Apparently, ratings given by serial low raters are now disregarded by Uber. So I'm wondering if in this case maybe some serial nitpicker gave a rating that wasn't included in the drivers ratings but their flags somehow remained.


----------



## AuxCordBoston (Dec 3, 2016)

reg barclay said:


> Apparently, ratings given by serial low raters are now disregarded by Uber. So I'm wondering if in this case maybe some serial nitpicker gave a rating that wasn't included in the drivers ratings but their flags somehow remained.


Yes. That could be the case.


----------



## Ride Nights & Weekends (Jan 5, 2018)

Wait....serial low raters are being ignored now?


----------



## Working4peanuts (Jan 16, 2018)

AuxCordBoston said:


> View attachment 199772


That's what you get for playing the best of yanni...


----------



## Bpr2 (Feb 21, 2017)

Ride Nights & Weekends said:


> Wait....serial low raters are being ignored now?

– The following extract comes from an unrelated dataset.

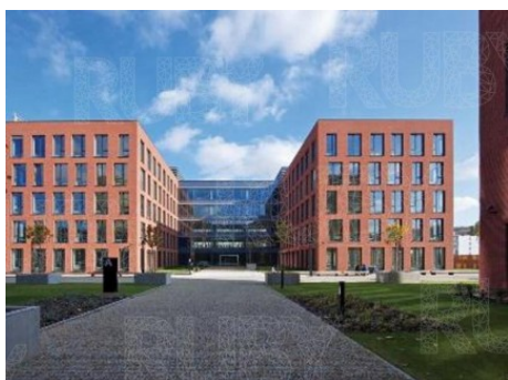
Praha 8 | Sokolovská
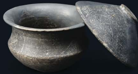
Urna con tapadera. (Edad del Hierro)

Yup  and pax don't see their ratings drop if you low rate them until after they rate you; if they rate you.


----------



## chemicalart (Feb 3, 2018)

Bpr2 said:


> Yup  and pax don't see their ratings drop if you low rate them until after they rate you; if they rate you.


Truly? Amazing


----------



## george manousaridis (Jan 27, 2017)

AuxCordBoston said:


> View attachment 199772


Ripper,haven't this before


----------



## sellkatsell44 (Oct 25, 2015)

Bpr2 said:


> Yup  and pax don't see their ratings drop if you low rate them until after they rate you; if they rate you.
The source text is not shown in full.